(Raw data begins)

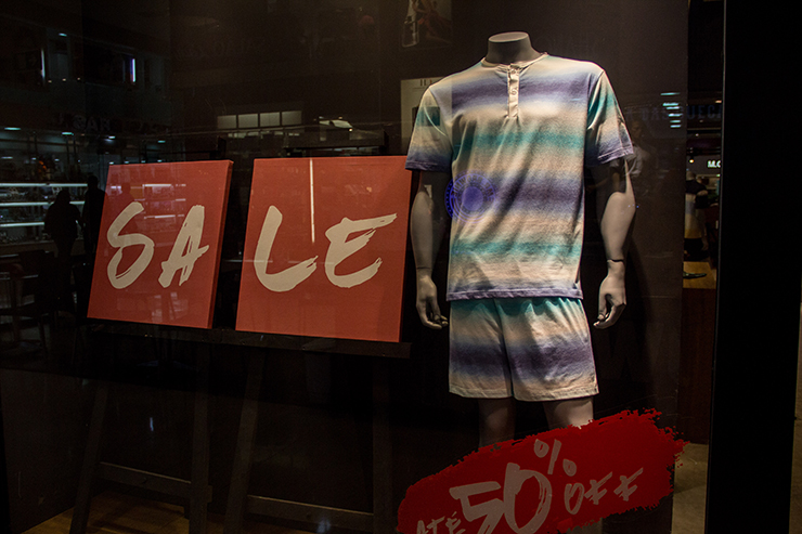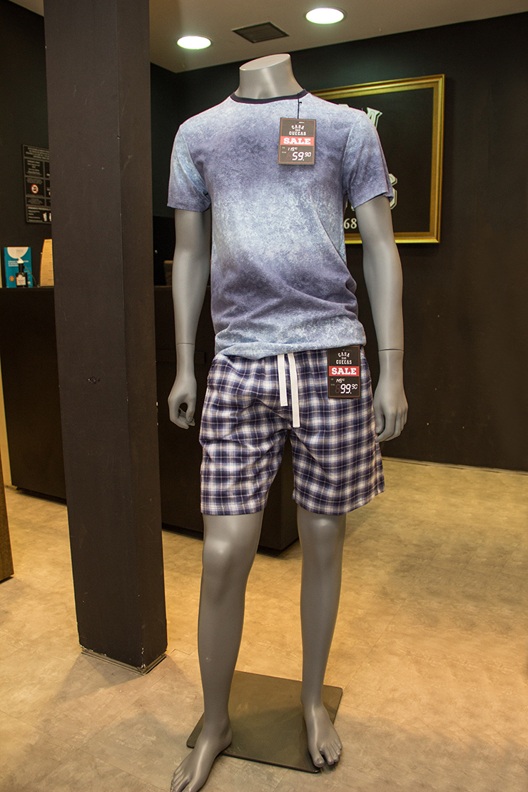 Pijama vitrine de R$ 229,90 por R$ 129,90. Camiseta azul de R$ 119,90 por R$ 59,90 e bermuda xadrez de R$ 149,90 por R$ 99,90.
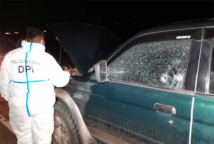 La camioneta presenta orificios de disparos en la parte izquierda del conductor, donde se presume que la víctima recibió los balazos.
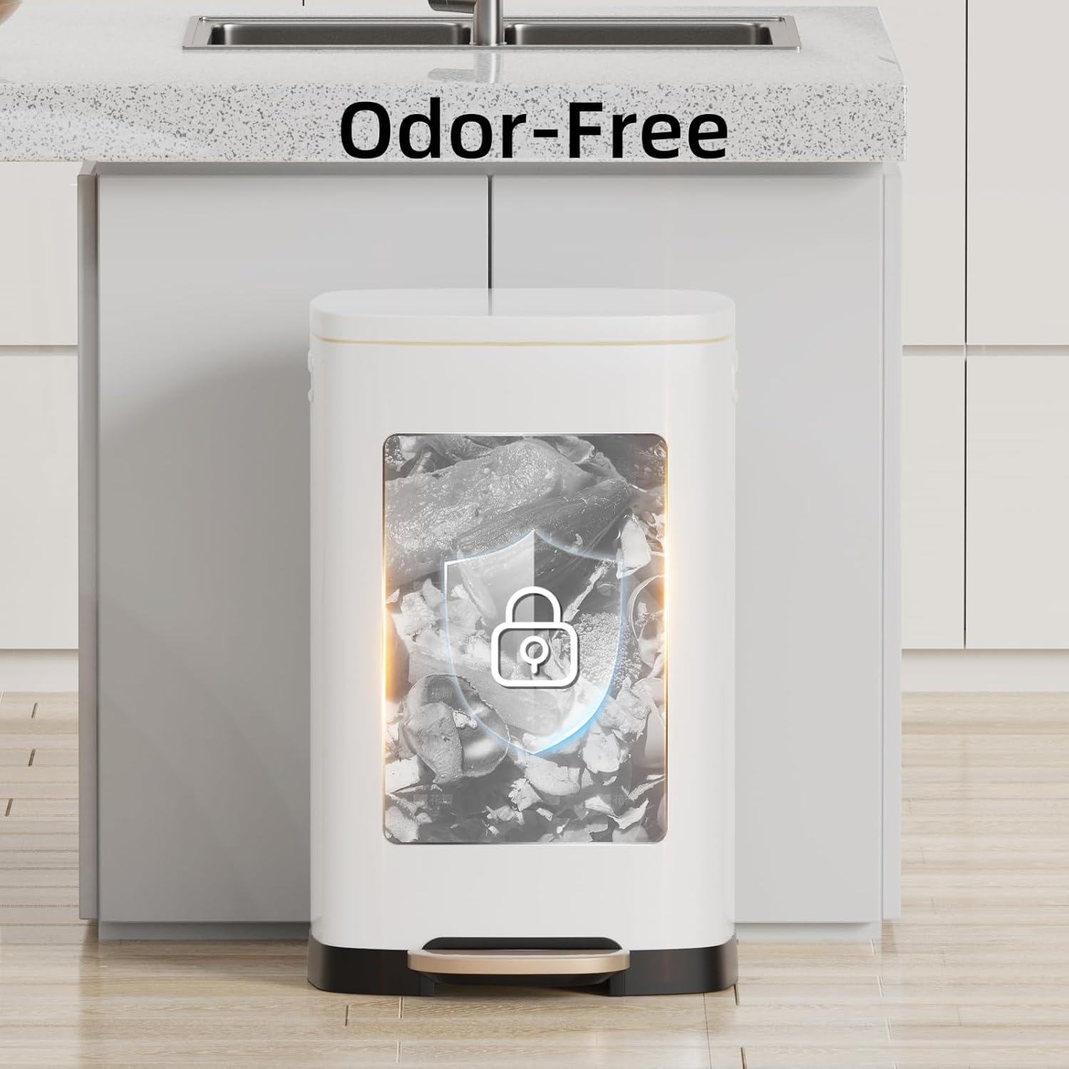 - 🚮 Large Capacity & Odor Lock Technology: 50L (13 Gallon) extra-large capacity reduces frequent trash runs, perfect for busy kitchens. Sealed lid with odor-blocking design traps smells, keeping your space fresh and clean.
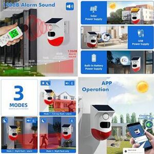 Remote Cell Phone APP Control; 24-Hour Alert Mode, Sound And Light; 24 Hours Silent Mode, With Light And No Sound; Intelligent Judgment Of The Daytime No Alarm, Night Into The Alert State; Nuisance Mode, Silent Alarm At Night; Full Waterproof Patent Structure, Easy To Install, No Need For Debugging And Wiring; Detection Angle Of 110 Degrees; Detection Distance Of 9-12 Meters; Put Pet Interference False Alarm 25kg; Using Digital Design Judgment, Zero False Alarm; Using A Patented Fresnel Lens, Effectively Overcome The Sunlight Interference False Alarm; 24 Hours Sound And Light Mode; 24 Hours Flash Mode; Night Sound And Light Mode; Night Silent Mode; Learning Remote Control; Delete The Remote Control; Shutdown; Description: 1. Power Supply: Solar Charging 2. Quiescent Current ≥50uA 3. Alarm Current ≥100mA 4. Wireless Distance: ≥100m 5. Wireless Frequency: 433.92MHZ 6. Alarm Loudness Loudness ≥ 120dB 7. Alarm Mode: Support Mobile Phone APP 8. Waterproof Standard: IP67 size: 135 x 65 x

(Raw data ends)

## What needs to be done
Retype each line of the data exactly, beginning with the first; include the line containing "- 🚮 Large Capacity" and stop there, skipping every picture.

## Answer area
 Pijama vitrine de R$ 229,90 por R$ 129,90. Camiseta azul de R$ 119,90 por R$ 59,90 e bermuda xadrez de R$ 149,90 por R$ 99,90.
 La camioneta presenta orificios de disparos en la parte izquierda del conductor, donde se presume que la víctima recibió los balazos.
 - 🚮 Large Capacity & Odor Lock Technology: 50L (13 Gallon) extra-large capacity reduces frequent trash runs, perfect for busy kitchens. Sealed lid with odor-blocking design traps smells, keeping your space fresh and clean.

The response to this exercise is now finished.